I remember the first time I saw Glee back in 2009 like it was yesterday. It was on Star World Asia channel. I didn’t have much interest to keep watching, but I did force myself to be interested somehow, I don’t know why. Then I saw the bootlegged DVD and I thought it was a perfect way to catch up. It took me weeks to finally watch the first pilot episode due to lack of interest.
I was hooked instantly.
There was something about the show that made me happy, unlike other shows. The characters were quirky, fun, hilarious… the songs were catchy… and my love for Sue Sylvester’s hatred for Glee club and her clever insults.
I liked Finn. He came across as this soft, sweet, non-typical jock and naive looking. I was rooting for Rachel and Finn together. I was happy when they did, because it’s different. You don’t really see a jock or the school’s star quarterback who’s dating the captain of the cheerleader throwing away his popularity to be in a Glee club full of losers. That made me like the show.
Everything was about Glee back then.
After Cory’s death, I knew that the show would have lost its charm to me. It did mid season 3. I stopped watching then. Some of the characters were graduating and wouldn’t be in the school, and new characters would come in, it didn’t feel the same anymore. I couldn’t connect with the new cast. Things got complicated. I’ve been having a very hard time trying to yield the same level of interest and excitement as the 1st and 2nd season.
However, today, I decided to stay up to watch the special Glee The Quarterback Finn tribute episode on Fox US channel the same time as it airs in the states so I could grieve together with all the viewers. It was HEARTBREAKING. I wanted to write this as soon as it ended, but I was too sleepy and tired.
The episode shows the original characters that we know and love, paying tribute to Finn through songs. Cause of death was a blur, with Kurt saying:
‘”Everyone wants to talk about how he died too, but who cares? One moment in his whole life — I care more about how he lived.”
But for me, I would rather know why. It would give me some kind of closure. Maybe it will be revealed in later episodes? Who knows. But I don’t really like to be kept in the dark. It was a bit too sudden, like a huge plot hole that you would normally whine about if it wasn’t for the fact that we are dealing with the real sudden death of the actor who played Cory.
So we see how everyone handled his death.

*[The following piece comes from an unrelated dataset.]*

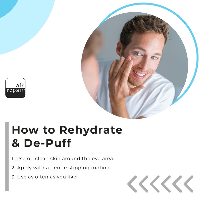 Get a More Dazzling Look Look brighter and more glowing with Air Repair Skincare Eye Cream for puffiness, dark circles, and fine lines. Designed to work as a hydrating moisturizer for the skin around your eyes, this skin care under eye cream for dark circles and puffiness works wonders in making you look younger and more radiant! Sensitivity mediators like light, dust, and weather cause what we call "inflam-aging". Our depuff eye cream reduce dark circles and work well as a skin repair cream for eye puffiness, eye cream black circles cannot stop, and a night eye cream for bags under eyes. Say goodbye to premature aging caused by things you cannot control with our petroleum, paraben, and mineral oil free moisturizer and soothing repair cream. Give the best skin care gifts for women and men with our haloxyl and aloe vera eye cream. What’s in Our Under Eye Moisturizer Cream: Purified Water, Aloe Vera Gel, Glycerin, Emulsifying Wax N.F. , Magnesium Ascorbyl Phosphate, Sunflower Oil, Octyl Palmitate, Cetearyl Alcohol. Hydroxysuccinimide, Chrysin, Palmitoyl Oligopeptide and Palmitoyl Tetrapeptide-7 (Haloxyl). Hesperidin Methyl Chalcone (and) Steareth-20 (and) Dipeptide-2 (and) Palmitoyl. Tetrapeptide-7 (Eyeliss), Super Oxide Dismutase, Panthenol, Ceramide 3, Cloudberry Seed Oil, Heat Shock Proteins, Tocopherol Acetate, Mixed Tocopherols, Flax Seed Oil, Borage Oil, Rosehip Oil, Olive Squalane, Soy Lecithin, Green Tea Extract, Sweet Almond Oil, Allantoin, Tromethamine Stearate, Glyceryl Monolaurate, Cocoa Butter, Glyceryl Stearate, Dimethicone, Phenoxyethanol, Ethyl Hexyl Glycerin, Benzyl Alcohol Benefits: Lightweight and non-greasy Prevents premature aging Reduces the look of fine lines, puffiness and dark circles Works well with other face products for women How to Use Our Moisturizing Eye Cream for Dryness and General Eye Skin Care: Use this sensitive eye cream green tea on clean skin. Apply around the eyes with a gentle stippling motion.

I really, really felt the sadness in Santana. She sang ‘If I die young’ by The Band Perry and broke down and ran out of the room in the middle of the song crying. Naya is a good singer but she NAILED that song. Seriously. If you listen to the whole song, it’s just too beautiful. I was sort of fine until I heard her sing. I was tearing up, and I would still do everytime I hear it.
The good thing is that despite all the mourning, the sadness, the crying, the writers managed to slip in some humor in so it lightened the depressing mood for a bit. Sue Sylvester was handling the death like she would, by being the cold-hearted bitch that she is and when Santana stood up to her, it was like damn. It was a happy moment.
Then Rachel appears.
Rachel didn’t appear until almost at the end, about 45 minutes into the episode. When she appeared, she sang ‘Make You Feel My Love‘. That was it. I broke down as well when she did. I seriously was bawling my eyes out. You could tell it was not only Rachel, it was the real Lea singing and shedding tears for Cory. Even though she didn’t have much screen time, but her short appearance made a huge impact. I felt the whole time it was also Lea crying about Cory. It was genuine and not part of acting, and that’s what made it so heartbreaking. The sadness and the tears from everyone else were real, and you could feel it.
There was also a part where Santana wanted Finn’s jacket back and that somebody stole it and everybody thought it was Puck. At the end it was revealed that it was actually Mr Schue. He’s been holding back since the beginning until at the very end when he has an emotional break down as well.
My emotion has already been fragile this past few days with so much shit happening to me, so this episode was bad for me. I just wished that Mr Schue also pays a singing tribute to Finn and that Quinn Fabray is included. I know Brittany didn’t appear due to the fact that in reality Heather was pregnant but why not Diana? The character Quinn was a huge part in Finn’s life before Rachel. She was Finn’s gf, and also pretended to be carrying Finn’s baby. So to not have her pay a tribute feels like something is missing. I also wished there was a montage of Finn with unseen footage at the end but it didn’t happen.
I would not be watching this episode again. Or maybe once more in HD since I was watching an average quality streaming TV online. It’s just too sad due to the fact that it feels we are mourning for Finn AND Cory. It wouldn’t be as heartbreaking if we just know only the character is killed off the show, or Cory died battling a sickness and we have time to prepare for it. It was the fact that he died so suddenly that makes everything just so hard to watch.
It was the night (morning for me) when we, the fans, mourn together with the characters, the cast and the crews.